Репейка - Иштван Фекете 2 стр.


Чампаш начисто забыл в эту минуту представившееся ему видение, его захлестывали по колено волны радужного благодушия, которые выплескивались из двери, расцвеченные яркой стружкой человеческой речи.

- Я должен войти туда, - понял Чампаш и, конечно, потопал в дом, ибо в этот миг его не сбила бы с пути даже стая волков. Подойдя, он прислонился к дверному косяку, чувствуя, что вправе позволить себе некоторые удобства. К тому же, он почему-то споткнулся, да и земля словно бы качнулась у него под ногами, так что опереться было необходимо - опора вселяла спокойствие.
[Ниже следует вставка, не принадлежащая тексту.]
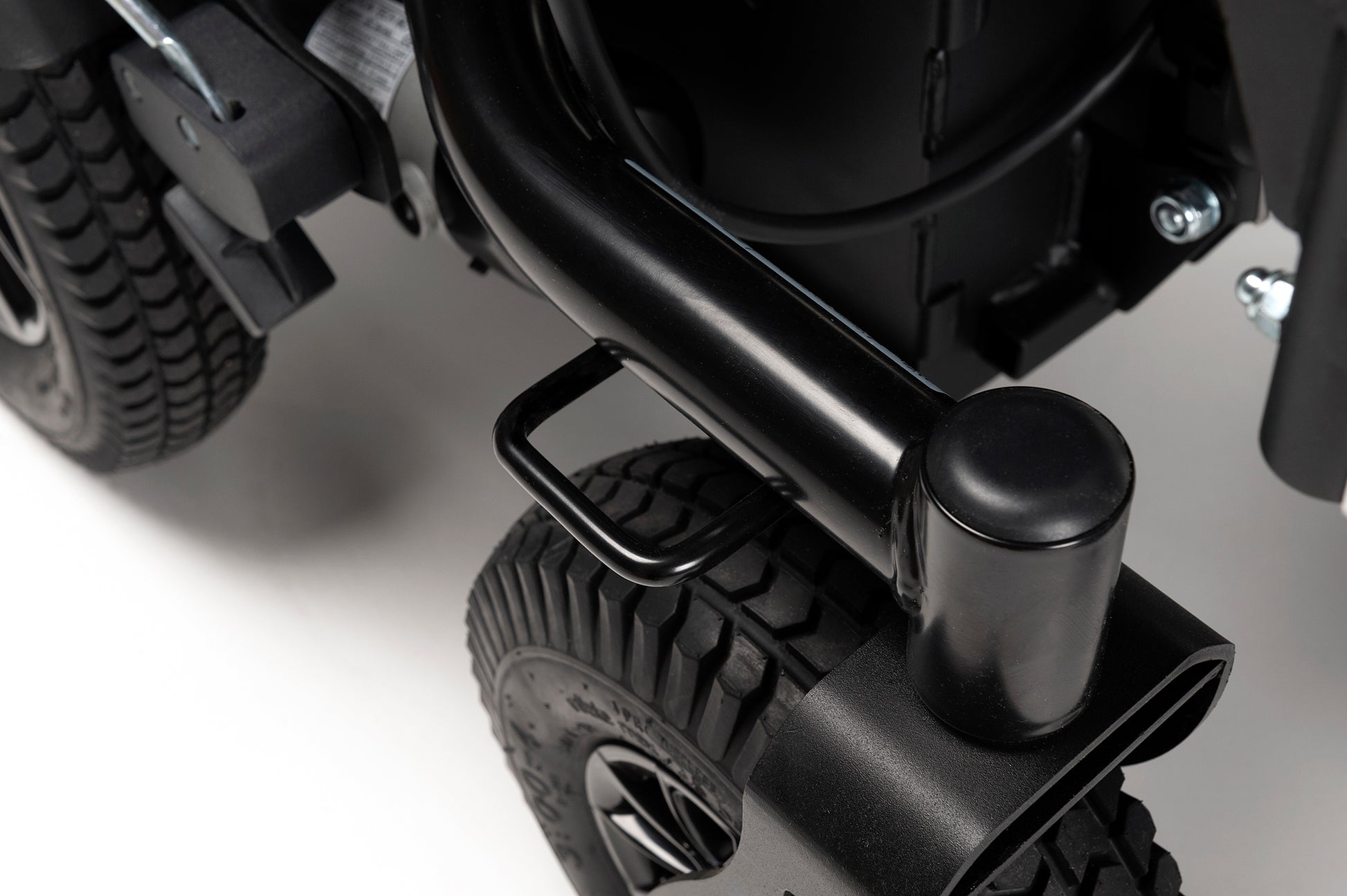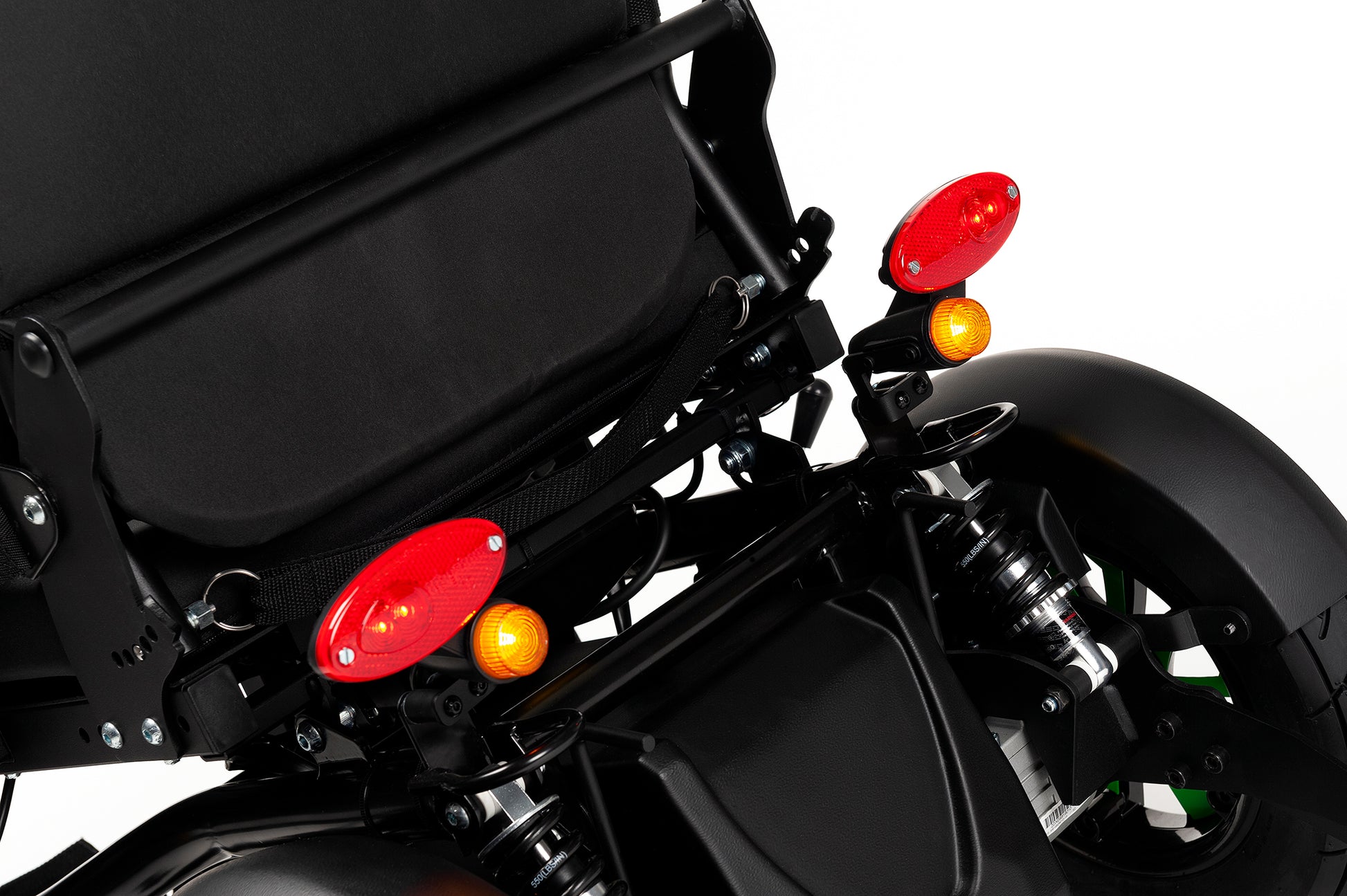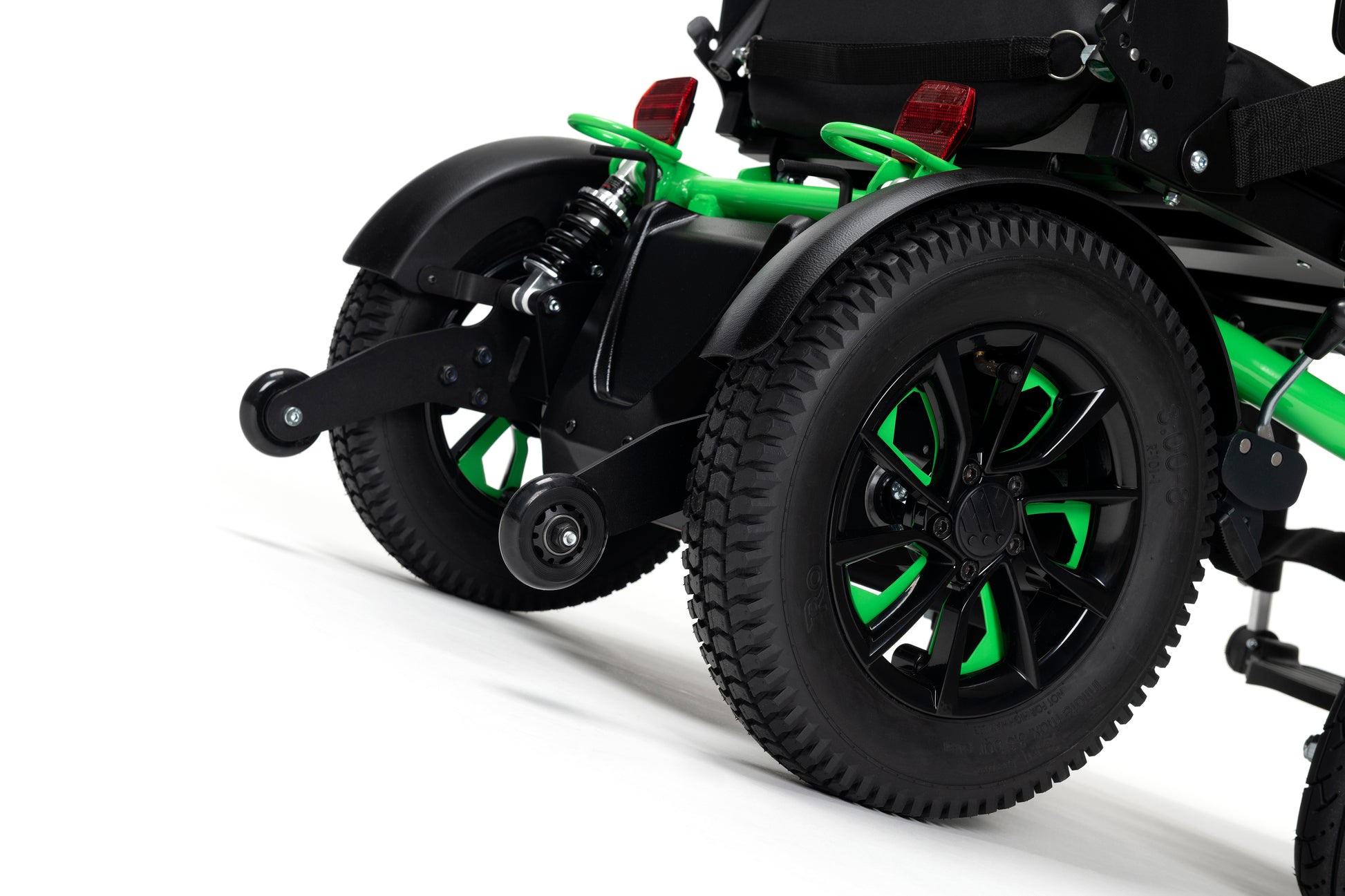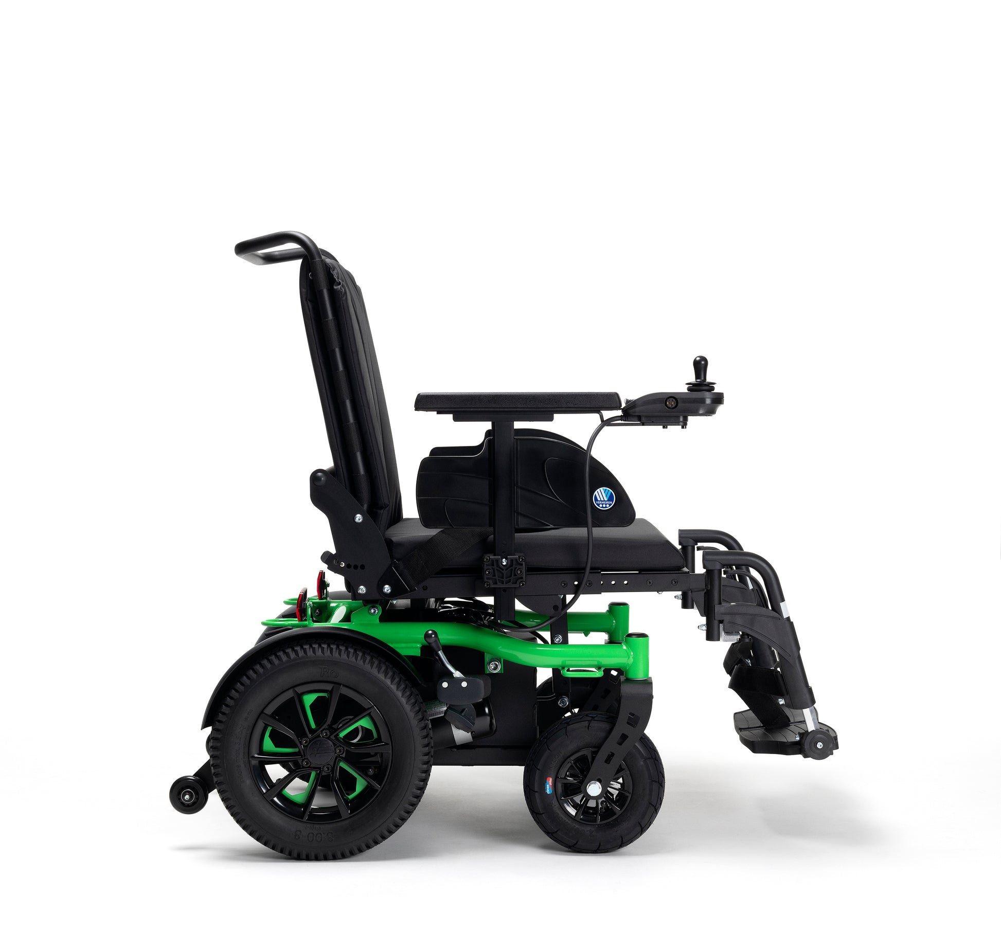 Turios er nettur rafmagnhjólastóll með mikla aðlögunarhæfni. Heildarbreidd er einungis 58-64cm og hentar því smærri rýmum innandyra. Með ögflugu afturhjóladrifi og vali á stórum framdekkjum kemst hann yfir óstöðugt undirlag utandyra. Einn helsti kosturinn við þennan stól er að hann má fara í flugvél. Batterí hafa verið sannreynd og vottuð. Kemur í þremur setbreiddum og gott burðarþol.

- Вот и я, - громко вздохнул Чампаш, - ведь я здесь свой, это всем известно… - Но тут он попытался прогнать муху с чувствительного своего брюха и опять пошатнулся.

- Черт возьми, что творится с этим ослом? - поднялся старый Галамб. - Уж не съел ли чего не надо? - Он почесал Чампашу лоб, до слез растрогав тем своего длинноухого помощника; осел вздохнул еще раз, меланхолически и любовно.

Старый пастух оторопел: в лицо ему ударило тяжким винным перегаром, смешанным с легким ароматом недавно потребленной люцерны.

- Люди, а люди, - обернулся он к застолью, - не оставили вы где-нибудь на дворе вино?

- В бадейке стоит.

- Я ведь потому спросил, что осел-то хмельной!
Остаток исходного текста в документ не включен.